Preventing Future NaNs

Once you identify and fix your NaN source, these habits prevent recurrence: always use the bundled VAE when available (all-in-one Flux checkpoints include the correct VAE), keep CFG at 1.0 for Flux and use FluxGuidance for guidance control, and verify checkpoint hashes after downloading. When adding custom nodes, add them one at a time so you can identify which node introduces instability.

Frequently Asked Questions

Can NaN errors damage the GPU or the model file?

No. NaN values are a software-level computation error. They do not damage GPU hardware or corrupt model weights on disk. The checkpoint file is read-only during inference - ComfyUI never writes to it. The error crashes the current generation and discards the partial result, but both the GPU and the model file are unaffected.

Why does the NaN error appear at step 15 of 20, not at step 1?

NaN values may not trigger the safety check immediately. If the NaN appears in a small region of a large tensor and the rest of the values are valid, early denoising steps may complete successfully. As NaNs propagate through subsequent operations, they eventually contaminate the entire tensor. The step number where ComfyUI reports the error is when NaN coverage reaches 100%, not when the first NaN was produced.
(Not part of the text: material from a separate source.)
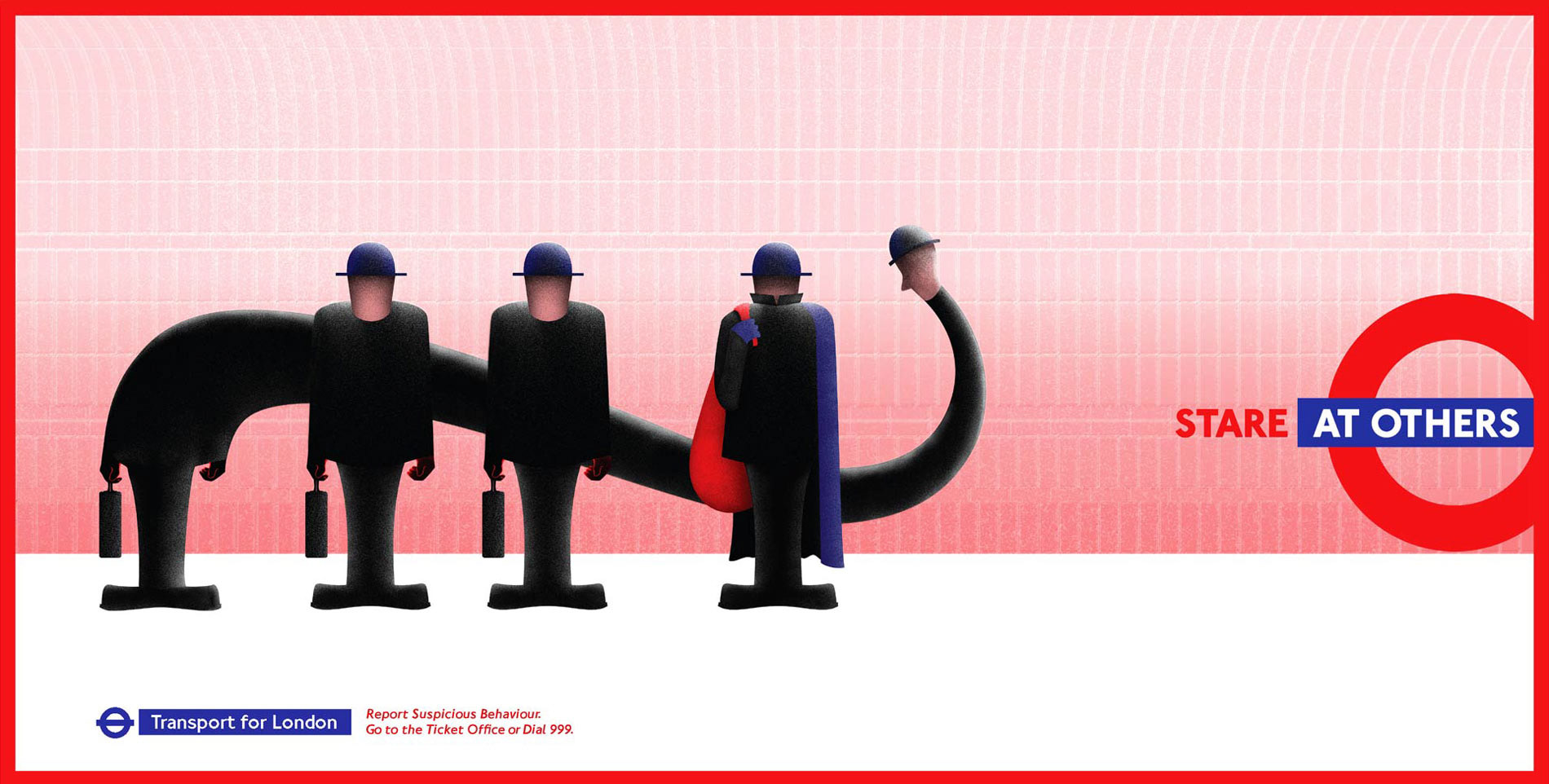 A campaign that reframes suspicious activity through exaggerated, character-driven visuals—prompting commuters to notice and act.

I am using the correct VAE but still getting NaN - what else could it be?

Check whether you are running Flux through a ComfyUI workflow that was designed for SDXL - these often have incorrect CFG values (7+ instead of 1.0) and may use the wrong sampler. Also check if any LoRA or custom node is processing tensors in a way that introduces NaN - remove all LoRAs and custom nodes, test with the minimal workflow, then add them back one at a time.
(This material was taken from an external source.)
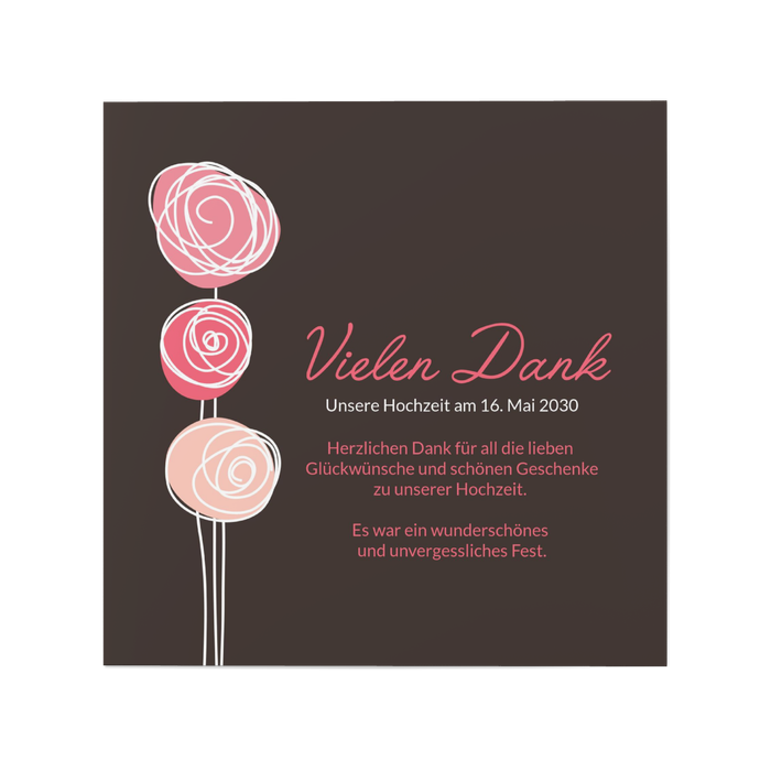 Dankeskarte Hochzeit Hochzeitsröschen in Braun

Does Flux schnell require a completely different workflow than Flux dev?

The node structure is the same, but the parameters differ significantly: schnell uses 4 steps (not 20), no guidance scale (FluxGuidance node should be omitted or set to 0), and the euler + simple sampler combination. Using 20 steps with Flux schnell wastes compute and can produce artifacts. Using guidance with schnell can cause NaN because schnell was distilled without guidance conditioning.
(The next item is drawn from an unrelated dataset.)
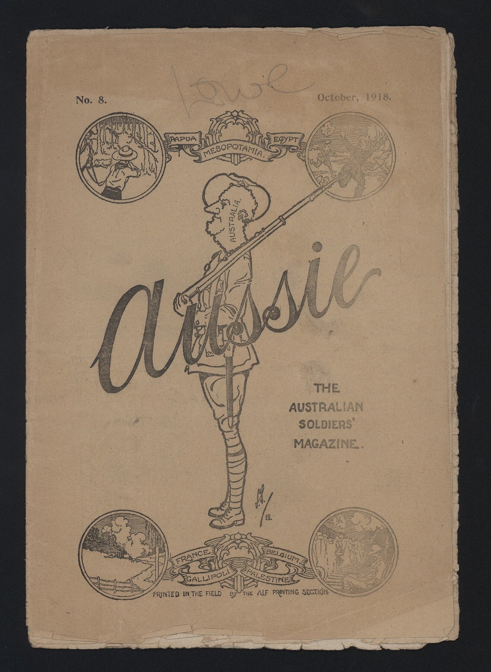 Front cover: "No. 8 October, 1918 / PAPUA / MESOPOTAMIA / EGYPT / Aussie / THE / AUSTRALIAN / SOLDIERS' / MAGAZINE. / FRANCE / BELGIUM / GALLIPOLI / PALESTINE / PRINTED IN THE FIELD BY THE AIF PRINTING SECTION" Text throughout.

What is the difference between bf16 and fp16 for Flux?

Both are 16-bit floating point formats but with different bit distributions. FP16 allocates 5 bits to the exponent and 10 bits to the mantissa, giving high precision but a limited range (max value approximately 65,504). BF16 allocates 8 bits to the exponent (same as fp32) and 7 bits to the mantissa, giving fp32-level range with reduced precision. For neural network inference, range matters more than mantissa precision, making bf16 more numerically stable for large-value operations like Flux attention.

Can I use NaN-safe operations to prevent the error rather than fixing the root cause?

ComfyUI does not expose NaN-safe operation modes directly. You can add torch.nan_to_num() wrappers in custom nodes during development, but this masks the underlying problem rather than fixing it. The correct approach is always to find and fix the root cause. Masking NaN values produces garbage outputs that look like generated images but contain corrupted data.

How do I know if my GPU supports bf16 natively?

NVIDIA GPUs with native bf16 support: Ampere (RTX 30xx, A series) and newer. Turing (RTX 20xx) and older do not support bf16 natively - PyTorch will fall back to fp32 when bf16 is requested, which is slower but correct. You can verify with: python -c "import torch; print(torch.cuda.is_bf16_supported())"

I re-downloaded the checkpoint but still get NaN. Now what?

Verify you deleted the old (potentially cached) checkpoint before downloading. PyTorch and ComfyUI do not cache checkpoints, but some download managers resume from partial files. Delete the file completely, clear browser/wget cache, and download fresh. After downloading, verify the SHA-256 hash before loading. If you downloaded via browser, try the huggingface_hub Python library instead: huggingface-cli download black-forest-labs/FLUX.1-dev.